From: Florian Pflug <fgp(at)phlo(dot)org>
To: Robert Haas <robertmhaas(at)gmail(dot)com>
Cc: pgsql-hackers(at)postgresql(dot)org
Subject: Re: spinlock contention
Date: 2011-06-23 18:34:55
Message-ID: 213CB357-8490-48C2-BDAB-D1381E7E1F52@phlo.org
Views: Raw Message | Whole Thread | Download mbox | Resend email
Thread:
Lists: pgsql-hackers

On Jun23, 2011, at 17:42 , Robert Haas wrote:
> On Wed, Jun 22, 2011 at 5:43 PM, Florian Pflug <fgp(at)phlo(dot)org> wrote:
>> On Jun12, 2011, at 23:39 , Robert Haas wrote:
>>> So, the majority (60%) of the excess spinning appears to be due to
>>> SInvalReadLock. A good chunk are due to ProcArrayLock (25%).
>>
>> Hm, sizeof(LWLock) is 24 on X86-64, making sizeof(LWLockPadded) 32.
>> However, cache lines are 64 bytes large on recent Intel CPUs AFAIK,
>> so I guess that two adjacent LWLocks currently share one cache line.
>>
>> Currently, the ProcArrayLock has index 4 while SInvalReadLock has
>> index 5, so if I'm not mistaken exactly the two locks where you saw
>> the largest contention on are on the same cache line...
>>
>> Might make sense to try and see if these numbers change if you
>> either make LWLockPadded 64bytes or arrange the locks differently...
>
> I fooled around with this a while back and saw no benefit. It's
> possible a more careful test would turn up something, but I think the
> only real way forward here is going to be to eliminate some of that
> locking altogether.

It seems hard to believe that there isn't some effect of two locks
sharing a cache line. There are architectures (even some of the
Intel architectures, I believe) where cache lines are 32 bit, though -
so measuring this certainly isn't easy. Also, I'm absolute no
expert for this, so it might very well be that' I'm missing something
fundamental.

> SInvalReadLock is a good example of a lock which seems barely to be
> necessary at all. Except on extraordinarily rare occasions, it is
> only ever taken in share mode.

This is the case we should optimize for, I think.
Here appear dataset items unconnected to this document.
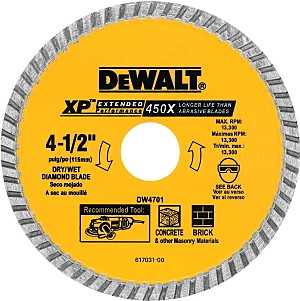 Packed with an extended performance diamond matrix that provides 350 times the life of conventional abrasives, DeWALT XP turbo blades offer helps to increased material removal and fast, easy cuts. Ideal for brick, block and tile applications. Delivers expedited cuts with less power requirements and a constant depth of cut without multiple blade changes.
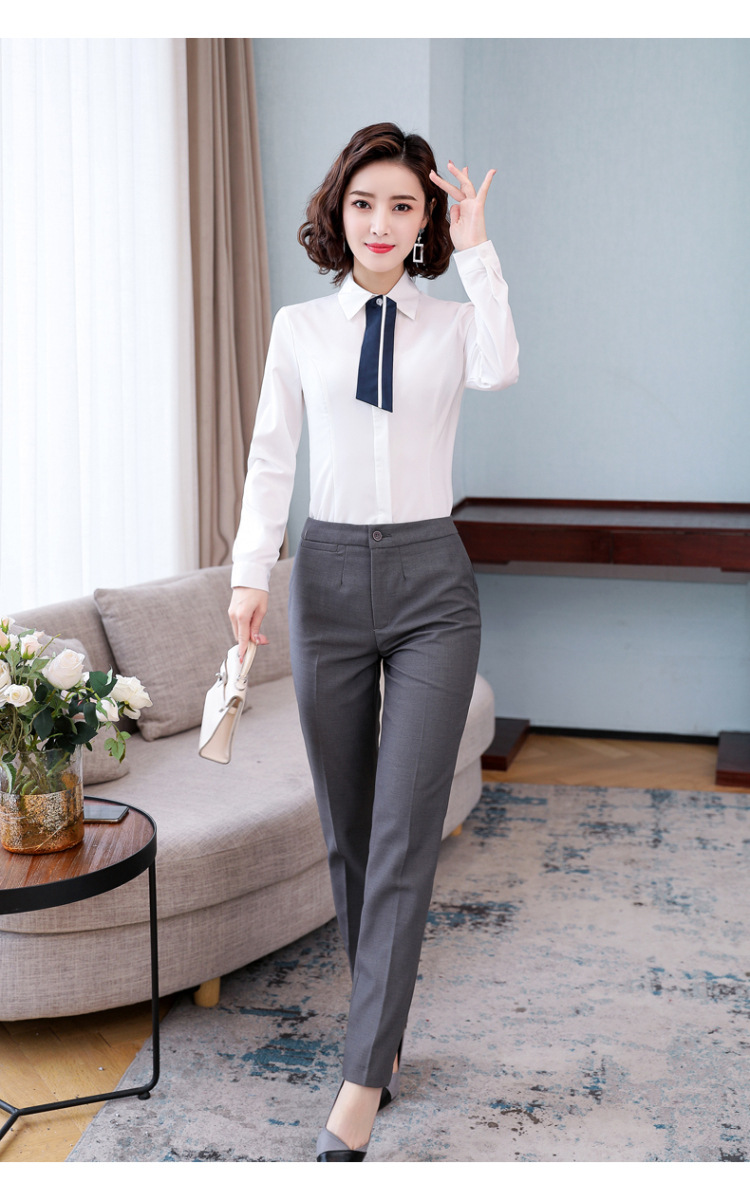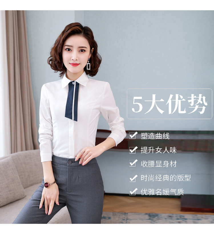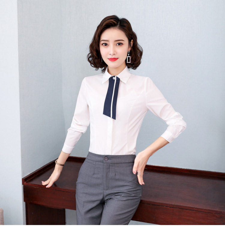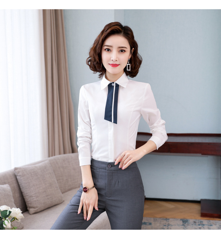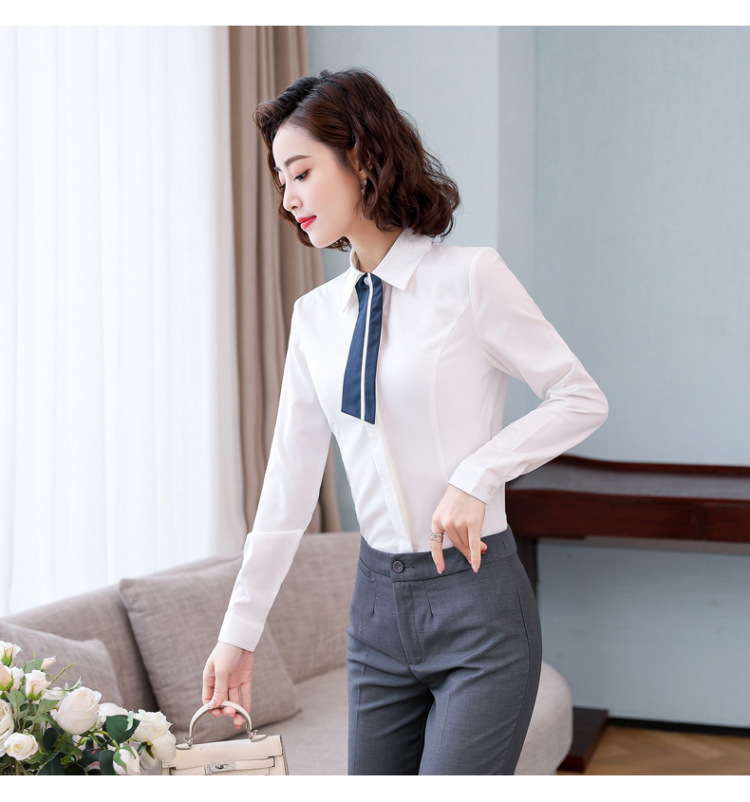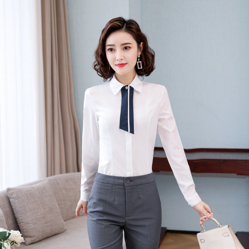티베트 블루 셔츠 여성용 긴팔 새 스타일 우아한 전문 원피스 한국 스타일 슬림 핏 쉬폰 화이트 셔츠 작업복
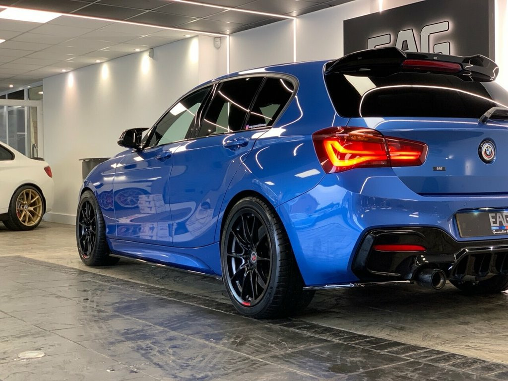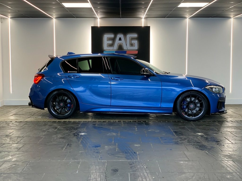 2018 (68) BMW M140i Finished in Estoril Blue with Black Dakota Leather and 2 Forge ZF8 alloys. This example includes a Stage 1 remap from Osprey Performance as well as a XHP gear box map, scorpion mid-pipe and eibach lowering springs. Factory spec includes; M sport brake, sun protection glazing, heated front seats, sports seats, storage compartment package, park distance control, cruise control with brake function, LED headlights, navigational system professional, Harman/Kardon surround sound system, Apple carplay, DAB radio and Bluetooth connectivity. Full Service history. 3 owners. HP finance available from 9.9% APR (subject to status) 12V Power Socket - Centre Console, 12V Power Socket - Passenger Footwell, 18in Alloy Wheels - M Double Spoke - 436, Active Differential Brake - ADB Sport - , Air Conditioning Automatic with Two-Zone, Airbags, Airblades - Ferric Grey, Alarm System - Thatcham 1 with Remote Co, Ambient Lighting - Switchable BMW Classi, Armrest - Front with Sliding Adjustment, Automatically Dimming Rear View Mirror, BMW ConnectedDrive Online Services, BMW ConnectedDrive Services, BMW Emergency Call, BMW Mobility Tyre Sealing System, BMW Navigation System, BMW Professional Radio - Single CD and M, BMW TeleServices, Battery Age Recognition Function, Battery Safety Cut Off, Black High-Gloss Kidney Grille Frame wit,
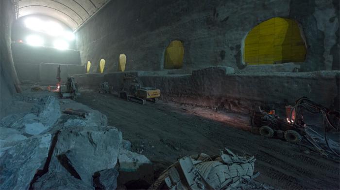 Châtelard: Weiterer Meilenstein für Nant de Drance03.03.2014, 11:34 Rund 200 Gäste versammelten sich auf der Baustelle in Châtelard, um den Abschluss dieser Ausbrucharbeiten zu feiern. Unter ihnen auch Bundesrätin Doris Leuthard. Nant de Drance zeige, dass man trotz der aktuell kritischen Lage auf dem Strommarkt investieren solle, wie die Bundesrätin betonte. Die Maschinenkaverne bildet das Herzstück des künftigen Kraftwerks. Insgesamt werden dort sechs Pumpturbinengruppen installiert. Mit einer Gesamtleistung von 900 Megawattstunden ermöglichen diese, innert kürzester Zeit grosse Mengen an Strom zu produzieren oder zu speichern. Die Inbetriebnahme des Kraftwerks soll Ende 2018 etappenweise erfolgen. Die Aktionäre von Nant de Drance investieren rund 1.9 Milliarden Franken in den Bau. Dank der hohen Flexibilität wird das Pumpspeicherkraftwerk in Zukunft eine wichtige Stellung auf den Schweizer und internationalen Strommärkten einnehmen. Davon überzeugt zeigen sich die Verantwortlichen. Die nächsten wichtigen Etappen bestehen in der Anlieferung der Elemente der ersten Stahlrohrleitungen, der Fertigstellung des zweiten Vertikalschachts und der Weiterführung der Arbeiten zur Erhöhung der Staumauer Vieux-Emosson./bu ![]() Bildquelle: zvg (Archivbild) ![]() Bildquelle: www.sdats.ch ![]() Bildquelle: mengis media ![]() Bildquelle: zvg ![]() Bildquelle: Leserreporter

Currently, there's
contention even between two SHARE lockers of a LWLock because our
LWLock implementation uses a spinlock underneath. I've googled around
a bit, and found this:

http://git.kernel.org/?p=linux/kernel/git/torvalds/rwlock.git

It's an userspace rwlock implementation based on atomic instructions
and futexes (for blocking) written by Linus Torwalds as a response
to the following thread

http://lwn.net/Articles/284741/

It seems to require only a single atomic increment instruction to
acquire a share lock in the uncontested case, and a single compare-
and-exchange instruction to acquire an exlcusive lock (again in
the uncontested case).

The code doesn't seem to have a license attached, and seems to have
been written over a weekend and never touched since, so we might
not want (or be able to) to use this directly. But it'd still be
interesting to see if replacing our LWLocks with this implementation
affects throughput.

> Only SICleanupQueue() needs to lock
> out readers, and in the (probably common) case where all backends are
> reasonably close to being caught up, it wouldn't even matter if the
> determination of minMsgNum were a little bit fuzzy. I've been
> straining my brain trying to figure out whether there's some way to
> rewrite this logic so that it can run concurrently with readers; then
> we could get rid of SInvalReadLock altogether. I have a feeling if I
> were 25% smarter I could do it, but I'm not.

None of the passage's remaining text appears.